## Exercise
In the listing below, the lines starting at the line with "The ivory bow" and ending at the line with "蒙砂酒瓶是在制品玻璃上,粘附" are to be output verbatim. Images stay out of the copy.

## Extracted material
[Start of Attachment]
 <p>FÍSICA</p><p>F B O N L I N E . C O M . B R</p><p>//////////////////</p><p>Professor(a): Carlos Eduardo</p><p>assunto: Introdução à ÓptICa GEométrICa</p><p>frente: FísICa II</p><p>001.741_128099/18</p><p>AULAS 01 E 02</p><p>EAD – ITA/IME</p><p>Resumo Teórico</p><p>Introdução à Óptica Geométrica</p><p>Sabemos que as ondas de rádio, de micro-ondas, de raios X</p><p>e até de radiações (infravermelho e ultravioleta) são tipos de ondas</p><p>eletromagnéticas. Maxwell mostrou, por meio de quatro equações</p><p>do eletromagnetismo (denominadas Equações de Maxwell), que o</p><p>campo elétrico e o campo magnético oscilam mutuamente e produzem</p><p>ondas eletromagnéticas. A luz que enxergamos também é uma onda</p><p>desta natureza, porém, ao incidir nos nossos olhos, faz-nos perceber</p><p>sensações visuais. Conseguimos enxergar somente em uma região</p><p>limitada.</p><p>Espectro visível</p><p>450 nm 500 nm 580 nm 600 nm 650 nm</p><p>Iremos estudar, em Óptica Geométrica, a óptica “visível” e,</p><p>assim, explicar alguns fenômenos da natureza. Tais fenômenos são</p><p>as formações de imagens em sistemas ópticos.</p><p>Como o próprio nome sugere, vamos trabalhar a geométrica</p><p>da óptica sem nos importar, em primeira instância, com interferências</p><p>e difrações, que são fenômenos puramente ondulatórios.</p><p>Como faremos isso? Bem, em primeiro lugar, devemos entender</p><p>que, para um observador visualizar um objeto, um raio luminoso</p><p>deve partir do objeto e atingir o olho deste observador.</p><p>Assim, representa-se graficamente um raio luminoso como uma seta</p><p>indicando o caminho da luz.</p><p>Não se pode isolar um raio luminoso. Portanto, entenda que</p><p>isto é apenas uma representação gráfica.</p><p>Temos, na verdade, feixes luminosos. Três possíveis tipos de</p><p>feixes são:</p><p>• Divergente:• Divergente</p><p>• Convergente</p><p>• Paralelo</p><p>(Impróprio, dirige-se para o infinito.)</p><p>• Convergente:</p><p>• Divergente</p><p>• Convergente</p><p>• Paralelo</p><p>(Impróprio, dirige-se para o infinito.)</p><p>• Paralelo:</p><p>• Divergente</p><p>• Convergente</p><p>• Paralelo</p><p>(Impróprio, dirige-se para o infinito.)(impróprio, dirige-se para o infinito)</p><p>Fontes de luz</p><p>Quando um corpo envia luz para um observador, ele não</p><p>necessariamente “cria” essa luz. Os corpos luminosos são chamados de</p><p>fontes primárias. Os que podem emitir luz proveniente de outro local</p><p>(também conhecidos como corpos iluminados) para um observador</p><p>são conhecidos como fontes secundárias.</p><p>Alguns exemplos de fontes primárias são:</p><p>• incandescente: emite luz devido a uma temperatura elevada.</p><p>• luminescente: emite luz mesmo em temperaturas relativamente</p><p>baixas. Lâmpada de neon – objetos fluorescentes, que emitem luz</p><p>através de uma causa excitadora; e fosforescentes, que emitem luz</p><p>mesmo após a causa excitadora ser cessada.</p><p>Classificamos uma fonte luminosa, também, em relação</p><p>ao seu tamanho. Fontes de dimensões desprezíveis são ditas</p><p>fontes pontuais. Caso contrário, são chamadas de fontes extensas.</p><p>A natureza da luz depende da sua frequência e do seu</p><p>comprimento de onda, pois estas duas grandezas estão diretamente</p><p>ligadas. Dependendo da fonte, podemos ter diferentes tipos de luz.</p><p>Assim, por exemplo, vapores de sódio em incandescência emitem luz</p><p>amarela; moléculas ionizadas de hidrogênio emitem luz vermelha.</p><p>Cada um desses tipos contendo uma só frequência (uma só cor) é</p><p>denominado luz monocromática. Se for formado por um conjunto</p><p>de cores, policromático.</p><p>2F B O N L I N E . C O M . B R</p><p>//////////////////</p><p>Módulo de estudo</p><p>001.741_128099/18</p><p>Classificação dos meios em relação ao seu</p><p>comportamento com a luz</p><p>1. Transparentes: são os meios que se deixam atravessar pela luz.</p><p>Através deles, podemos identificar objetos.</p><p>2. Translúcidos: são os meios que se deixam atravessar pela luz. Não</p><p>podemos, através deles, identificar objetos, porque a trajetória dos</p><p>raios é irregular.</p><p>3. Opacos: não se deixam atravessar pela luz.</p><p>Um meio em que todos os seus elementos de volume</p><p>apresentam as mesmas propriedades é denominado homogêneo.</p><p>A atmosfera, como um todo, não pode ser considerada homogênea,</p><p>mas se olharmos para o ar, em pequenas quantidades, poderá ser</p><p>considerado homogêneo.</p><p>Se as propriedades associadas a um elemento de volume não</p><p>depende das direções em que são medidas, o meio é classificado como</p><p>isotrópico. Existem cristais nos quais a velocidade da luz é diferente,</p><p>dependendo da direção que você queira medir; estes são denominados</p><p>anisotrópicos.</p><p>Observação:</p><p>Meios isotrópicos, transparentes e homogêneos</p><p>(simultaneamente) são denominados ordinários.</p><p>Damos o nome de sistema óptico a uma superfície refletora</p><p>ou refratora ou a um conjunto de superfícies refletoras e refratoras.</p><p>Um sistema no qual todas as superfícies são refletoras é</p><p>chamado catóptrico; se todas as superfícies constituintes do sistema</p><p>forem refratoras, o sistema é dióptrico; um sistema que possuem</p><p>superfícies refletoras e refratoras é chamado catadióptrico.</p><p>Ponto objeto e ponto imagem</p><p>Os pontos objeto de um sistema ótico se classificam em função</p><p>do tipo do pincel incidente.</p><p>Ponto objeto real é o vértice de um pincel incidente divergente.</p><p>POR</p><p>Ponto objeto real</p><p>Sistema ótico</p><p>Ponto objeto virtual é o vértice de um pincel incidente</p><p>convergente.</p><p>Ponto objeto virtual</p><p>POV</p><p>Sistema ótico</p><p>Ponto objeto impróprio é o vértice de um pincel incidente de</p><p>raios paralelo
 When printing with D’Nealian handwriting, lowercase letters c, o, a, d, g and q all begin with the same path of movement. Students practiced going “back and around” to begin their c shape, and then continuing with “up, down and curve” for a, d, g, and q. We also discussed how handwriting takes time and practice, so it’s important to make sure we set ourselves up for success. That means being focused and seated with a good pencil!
[End of Attachment]
[Start of Attachment]
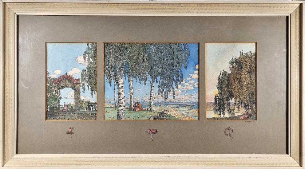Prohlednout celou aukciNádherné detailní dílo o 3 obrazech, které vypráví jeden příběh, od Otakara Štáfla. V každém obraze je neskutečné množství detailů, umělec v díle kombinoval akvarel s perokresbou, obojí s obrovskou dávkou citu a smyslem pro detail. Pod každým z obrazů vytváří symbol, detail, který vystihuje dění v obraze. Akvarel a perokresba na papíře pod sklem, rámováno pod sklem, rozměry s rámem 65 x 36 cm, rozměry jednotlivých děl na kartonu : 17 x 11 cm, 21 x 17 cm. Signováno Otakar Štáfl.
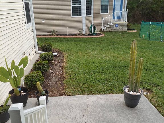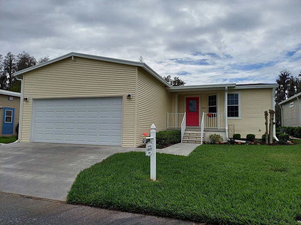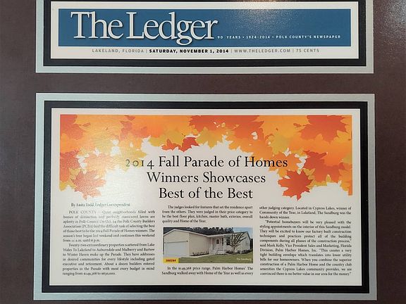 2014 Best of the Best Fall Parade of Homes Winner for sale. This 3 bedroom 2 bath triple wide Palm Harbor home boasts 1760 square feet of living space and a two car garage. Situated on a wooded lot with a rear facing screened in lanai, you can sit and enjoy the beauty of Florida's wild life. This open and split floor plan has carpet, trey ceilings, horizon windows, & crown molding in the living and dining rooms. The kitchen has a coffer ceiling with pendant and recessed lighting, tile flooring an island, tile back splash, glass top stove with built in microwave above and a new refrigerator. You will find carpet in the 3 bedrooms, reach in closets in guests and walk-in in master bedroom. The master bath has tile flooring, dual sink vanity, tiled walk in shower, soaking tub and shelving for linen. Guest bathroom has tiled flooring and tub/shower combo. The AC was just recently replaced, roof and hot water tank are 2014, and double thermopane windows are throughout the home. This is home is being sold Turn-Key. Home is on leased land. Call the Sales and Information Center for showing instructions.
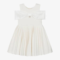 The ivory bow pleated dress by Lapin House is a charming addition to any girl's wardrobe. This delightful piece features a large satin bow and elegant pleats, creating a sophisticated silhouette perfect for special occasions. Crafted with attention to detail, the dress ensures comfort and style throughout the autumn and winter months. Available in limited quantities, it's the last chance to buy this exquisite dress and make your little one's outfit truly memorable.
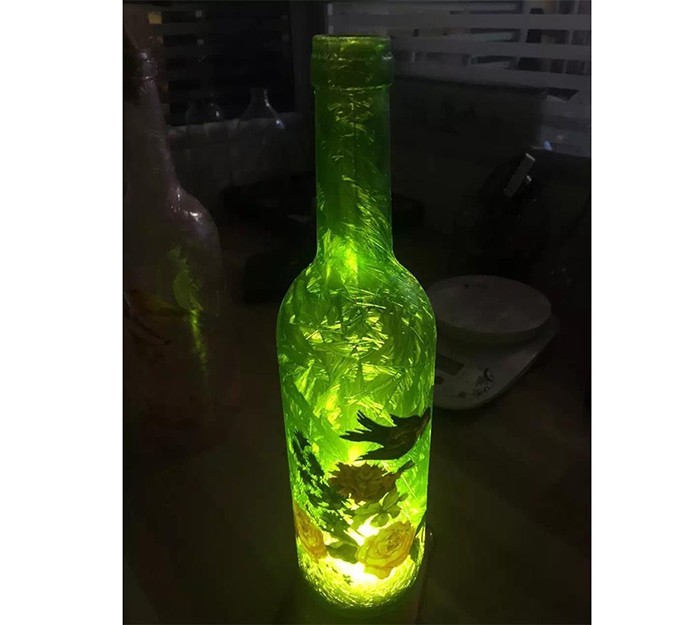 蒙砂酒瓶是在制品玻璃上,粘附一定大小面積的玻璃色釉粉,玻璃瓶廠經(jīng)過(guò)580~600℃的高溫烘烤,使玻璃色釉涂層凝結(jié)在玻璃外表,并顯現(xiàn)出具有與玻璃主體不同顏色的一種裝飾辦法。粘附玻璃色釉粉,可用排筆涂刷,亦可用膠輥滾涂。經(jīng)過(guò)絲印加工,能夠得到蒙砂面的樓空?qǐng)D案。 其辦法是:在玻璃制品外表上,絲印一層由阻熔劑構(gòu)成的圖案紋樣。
[End of Attachment]
## Answer for the task
 The ivory bow pleated dress by Lapin House is a charming addition to any girl's wardrobe. This delightful piece features a large satin bow and elegant pleats, creating a sophisticated silhouette perfect for special occasions. Crafted with attention to detail, the dress ensures comfort and style throughout the autumn and winter months. Available in limited quantities, it's the last chance to buy this exquisite dress and make your little one's outfit truly memorable.
 蒙砂酒瓶是在制品玻璃上,粘附一定大小面積的玻璃色釉粉,玻璃瓶廠經(jīng)過(guò)580~600℃的高溫烘烤,使玻璃色釉涂層凝結(jié)在玻璃外表,并顯現(xiàn)出具有與玻璃主體不同顏色的一種裝飾辦法。粘附玻璃色釉粉,可用排筆涂刷,亦可用膠輥滾涂。經(jīng)過(guò)絲印加工,能夠得到蒙砂面的樓空?qǐng)D案。 其辦法是:在玻璃制品外表上,絲印一層由阻熔劑構(gòu)成的圖案紋樣。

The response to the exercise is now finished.